__GOAL OF THE EXERCISE__.
Pictures aside, restate the records below exactly as written.

__Records from a data source__.
◆ ◆ ◆
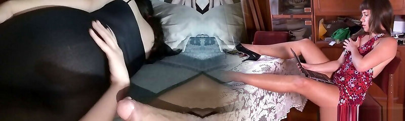 Lady Boss in Nude Tights and High High-heeled Slippers Gives Femdom Handjob on Crossed legs
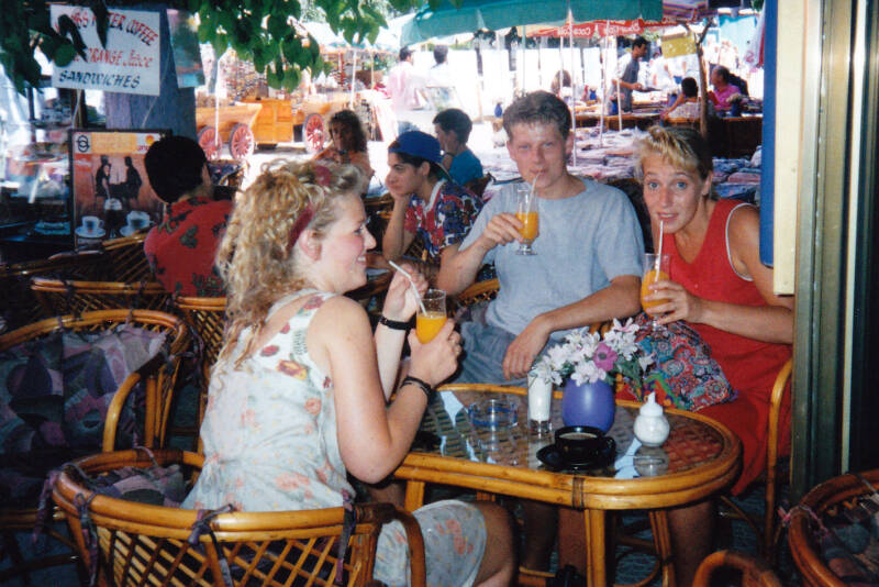 29 juni-13 juli: Tja... tis al een tijdje geleden... ben ervan overtuigd dat ik die hele plaats niet meer zou herkennen mocht ik er nu weer heen gaan. Toerisme stond nog een beetje in de kinderschoenen begin jaren negentig! We gaan met z'n viertjes: Ramon, Robert-Jan, Muriel en ik. Om 03.15 uur worden we opgehaald door de taxi... Om 06.00 uur vertrekken we met Air Holland naar Izmir waar we om 09.45 uur lokale tijd aankomen (tis hier een uur vroeger). Ongeveer twee uur later zijn we in ons appartement Tepe Villas, ziet er echt hartstikke mooi uit met vier balkons en een dakterras.
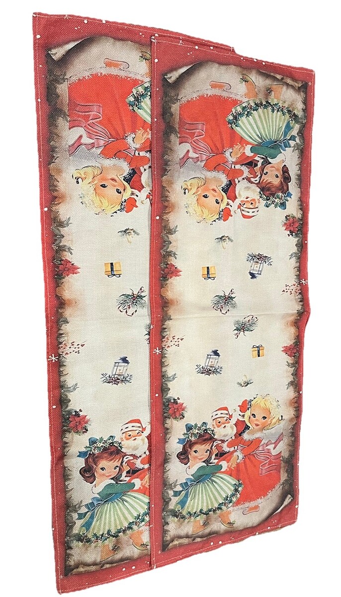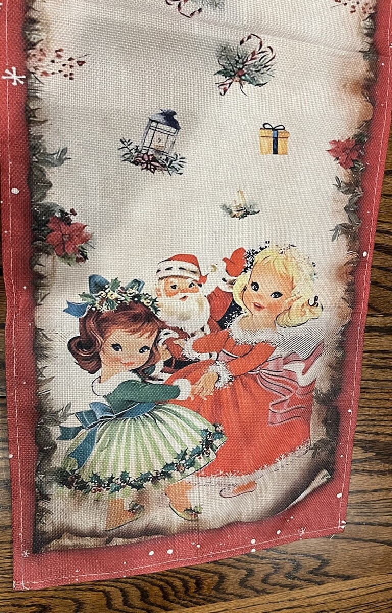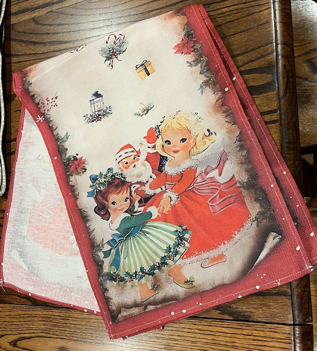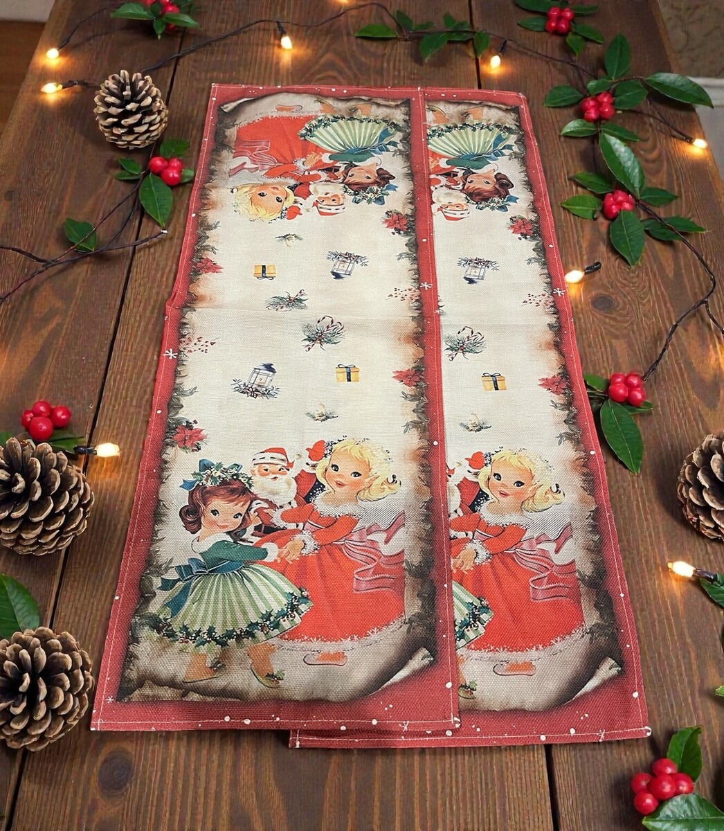 This listing is for a set of two vintage style Christmas table runners featuring a cartoon Santa Claus and girls dancing. Each table runner measures 35.5" in length and 13" in width. Perfect for adding a festive and nostalgic touch to your holiday table setting, these vintage table runners are a charming addition to any Christmas decor collection. Please let me know if you have any questions!
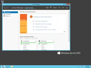Screenshot of Windows Server 2012, showing the Server Manager application which is automatically opened when an administrator logs on, taskbar, and the blue color of Aero Lite
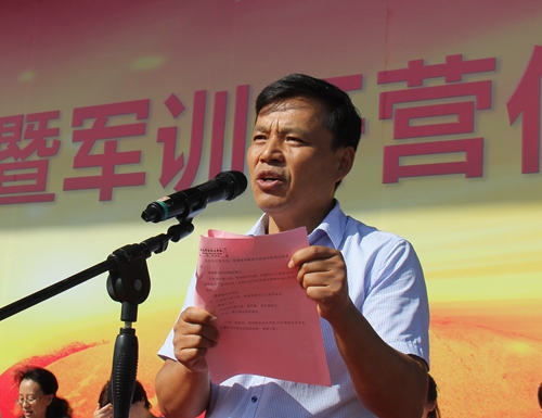 党委书记王金生讲话。他向承担此次军训任务的北海舰队某部队表达感谢,并对全体新生表示欢迎。他指出,2018年是贯彻党的十九大精神的开局之年,改革开放40周年,决胜全面建成小康社会的关键之年;又是山东省新旧动能转换重大工程全面展开,上合组织峰会扬帆青岛,高职教育进入新一轮高质量发展的重要时期,他希望2018级全体新生以爱国、敬业、诚信、友善为己任,筑牢中国特色社会主义核心价值观,传承发展中华优秀传统文化,勤奋学习,勇于实践,健康成长。讲话中,他勉励新生要厚德修身坚定理想信念,做有理想的青职人;要乐学勤思练就高精技能,做有本领的青职人;要修能致用服务社会,做有担当的青职人。他要求同学们在军训中端正态度、尊重教官,听从指挥、顽强拼搏,团结协作、互相帮助,以良好的精神面貌展现“青职风采”,学院相关部门精心组织、周密安排,密切配合承训部队开展日常训练,确保此次军训任务高质量地完成。
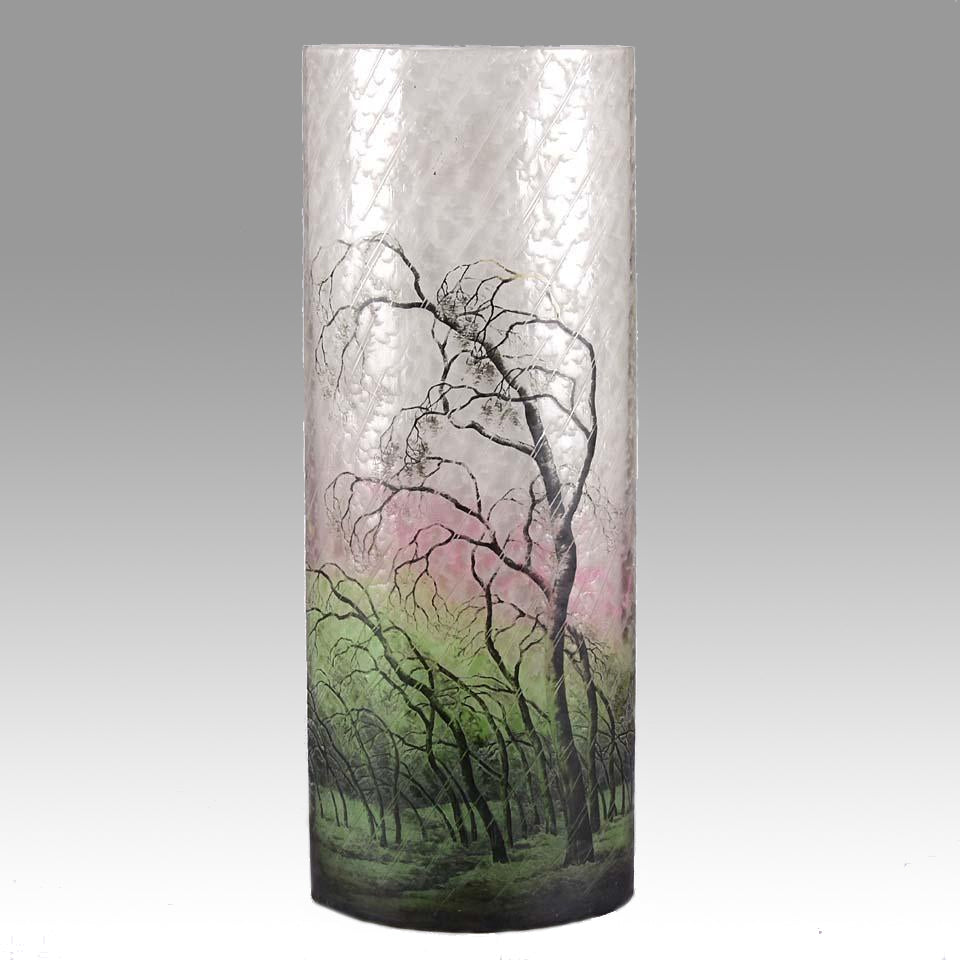 Museum quality large and very rare cameo glass vase etched and enamelled with a fabulous landscape of silver birch trees blown in the wind and the rain, exhibiting excellent colours of deep pink and greens and very fine surface detail, signed Daum Nancy and with Cross of Lorraine.
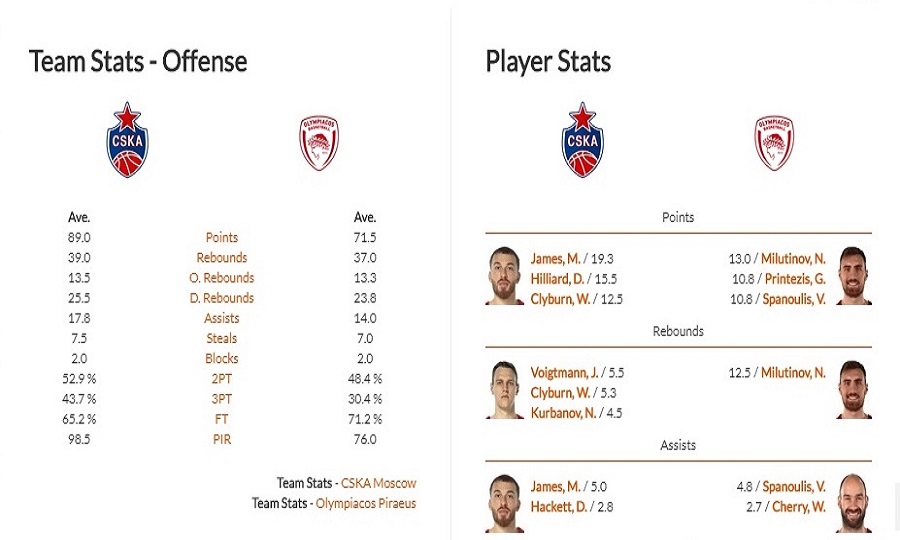Η αποψινή, είναι η 39η αναμέτρηση των δύο ομάδων από το 1995 και έπειτα, οπότε και αγωνίστηκαν για πρώτη φορά σε επίπεδο κυπέλλου πρωταθλητριών και Ευρωλίγκας. Η ΤΣΣΚΑ, προηγείται με 24-14 στις νίκες, έχοντας όμως τέσσερις ήττες σε Final Four (ένας τελικός και τρεις ημιτελικοί). Στα παιχνίδια που έχουν γίνει στη Μόσχα, οι ρώσοι έχουν επικρατήσει 14 φορές και ο Ολυμπιακός μόλις 3, με την τελευταία να είναι το 2008 στα πλέι οφ με το νικητήριο καλάθι του Λιν Γκριρ. Έκτοτε, οι «ερυθρόλευκοι» μετρούν εκτός έδρας επτά συνεχόμενες ήττες.
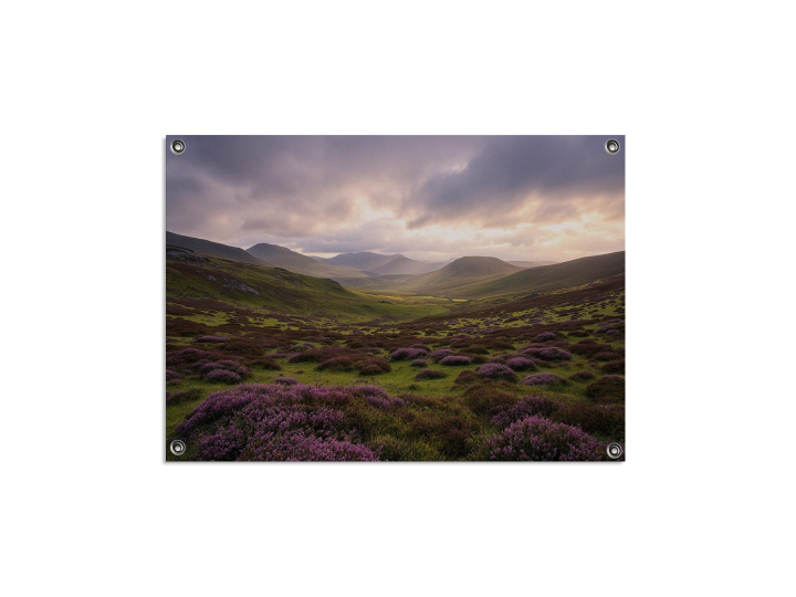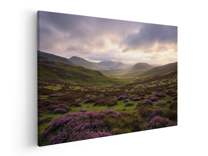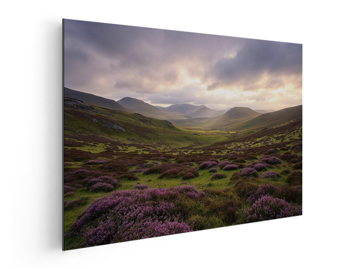 Uitgestrekt landschap van de Schotse Hooglanden, glooiende heuvels met heide, dramatische storm wolken, zonlicht dat door de wolken breekt, filmische sfeer, realistische texturen, hoge detaillering.
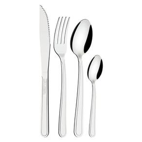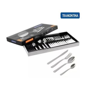 Jogo de Talheres Faqueiro Inox 24 Peças Búzios Tramontina Antes da primeira utilização, lave bem as peças e seque-as. Tenha cuidado ao manusear produtos cortantes e perfurantes e mantenha-os fora do alcance de crianças. Para maior durabilidade dos produtos, recomenda-se secar bem antes de guardar, mesmo após lavagem em máquina. Para descarte dos produtos e embalagens siga as orientações de reciclagem vigentes.
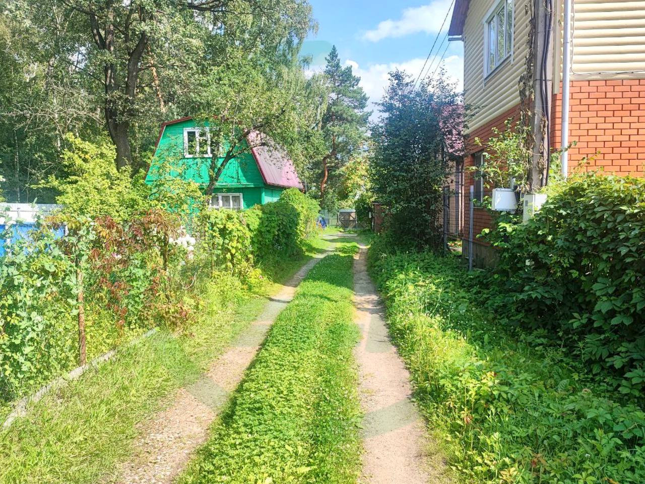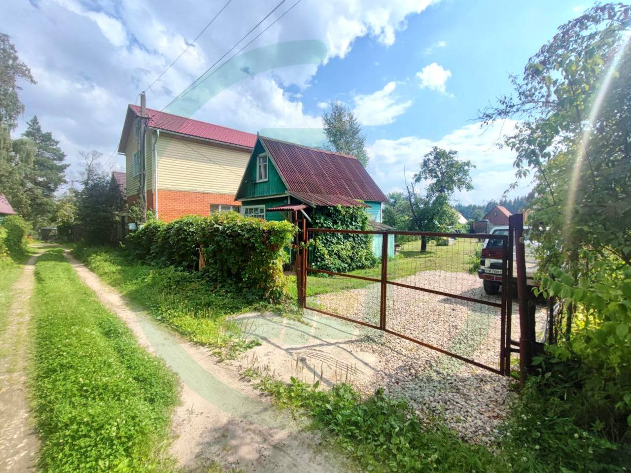 Участок правильной формы, ровный, частично огорожен забором, есть калитка и распашные ворота, отсыпана щебнем парковочная зона минимум на два авто. На участке расположен небольшой садовый дом. Построен по каркасно-щитовой технологии на ленточном фундаменте, в будущем его можно использовать как гостевой.
◆ ◆ ◆
__RESPONSE__.
 Lady Boss in Nude Tights and High High-heeled Slippers Gives Femdom Handjob on Crossed legs
 29 juni-13 juli: Tja... tis al een tijdje geleden... ben ervan overtuigd dat ik die hele plaats niet meer zou herkennen mocht ik er nu weer heen gaan. Toerisme stond nog een beetje in de kinderschoenen begin jaren negentig! We gaan met z'n viertjes: Ramon, Robert-Jan, Muriel en ik. Om 03.15 uur worden we opgehaald door de taxi... Om 06.00 uur vertrekken we met Air Holland naar Izmir waar we om 09.45 uur lokale tijd aankomen (tis hier een uur vroeger). Ongeveer twee uur later zijn we in ons appartement Tepe Villas, ziet er echt hartstikke mooi uit met vier balkons en een dakterras.
 This listing is for a set of two vintage style Christmas table runners featuring a cartoon Santa Claus and girls dancing. Each table runner measures 35.5" in length and 13" in width. Perfect for adding a festive and nostalgic touch to your holiday table setting, these vintage table runners are a charming addition to any Christmas decor collection. Please let me know if you have any questions!
Screenshot of Windows Server 2012, showing the Server Manager application which is automatically opened when an administrator logs on, taskbar, and the blue color of Aero Lite
 党委书记王金生讲话。他向承担此次军训任务的北海舰队某部队表达感谢,并对全体新生表示欢迎。他指出,2018年是贯彻党的十九大精神的开局之年,改革开放40周年,决胜全面建成小康社会的关键之年;又是山东省新旧动能转换重大工程全面展开,上合组织峰会扬帆青岛,高职教育进入新一轮高质量发展的重要时期,他希望2018级全体新生以爱国、敬业、诚信、友善为己任,筑牢中国特色社会主义核心价值观,传承发展中华优秀传统文化,勤奋学习,勇于实践,健康成长。讲话中,他勉励新生要厚德修身坚定理想信念,做有理想的青职人;要乐学勤思练就高精技能,做有本领的青职人;要修能致用服务社会,做有担当的青职人。他要求同学们在军训中端正态度、尊重教官,听从指挥、顽强拼搏,团结协作、互相帮助,以良好的精神面貌展现“青职风采”,学院相关部门精心组织、周密安排,密切配合承训部队开展日常训练,确保此次军训任务高质量地完成。
 Museum quality large and very rare cameo glass vase etched and enamelled with a fabulous landscape of silver birch trees blown in the wind and the rain, exhibiting excellent colours of deep pink and greens and very fine surface detail, signed Daum Nancy and with Cross of Lorraine.
Η αποψινή, είναι η 39η αναμέτρηση των δύο ομάδων από το 1995 και έπειτα, οπότε και αγωνίστηκαν για πρώτη φορά σε επίπεδο κυπέλλου πρωταθλητριών και Ευρωλίγκας. Η ΤΣΣΚΑ, προηγείται με 24-14 στις νίκες, έχοντας όμως τέσσερις ήττες σε Final Four (ένας τελικός και τρεις ημιτελικοί). Στα παιχνίδια που έχουν γίνει στη Μόσχα, οι ρώσοι έχουν επικρατήσει 14 φορές και ο Ολυμπιακός μόλις 3, με την τελευταία να είναι το 2008 στα πλέι οφ με το νικητήριο καλάθι του Λιν Γκριρ. Έκτοτε, οι «ερυθρόλευκοι» μετρούν εκτός έδρας επτά συνεχόμενες ήττες.
 Uitgestrekt landschap van de Schotse Hooglanden, glooiende heuvels met heide, dramatische storm wolken, zonlicht dat door de wolken breekt, filmische sfeer, realistische texturen, hoge detaillering.
 Jogo de Talheres Faqueiro Inox 24 Peças Búzios Tramontina Antes da primeira utilização, lave bem as peças e seque-as. Tenha cuidado ao manusear produtos cortantes e perfurantes e mantenha-os fora do alcance de crianças. Para maior durabilidade dos produtos, recomenda-se secar bem antes de guardar, mesmo após lavagem em máquina. Para descarte dos produtos e embalagens siga as orientações de reciclagem vigentes.
 Участок правильной формы, ровный, частично огорожен забором, есть калитка и распашные ворота, отсыпана щебнем парковочная зона минимум на два авто. На участке расположен небольшой садовый дом. Построен по каркасно-щитовой технологии на ленточном фундаменте, в будущем его можно использовать как гостевой.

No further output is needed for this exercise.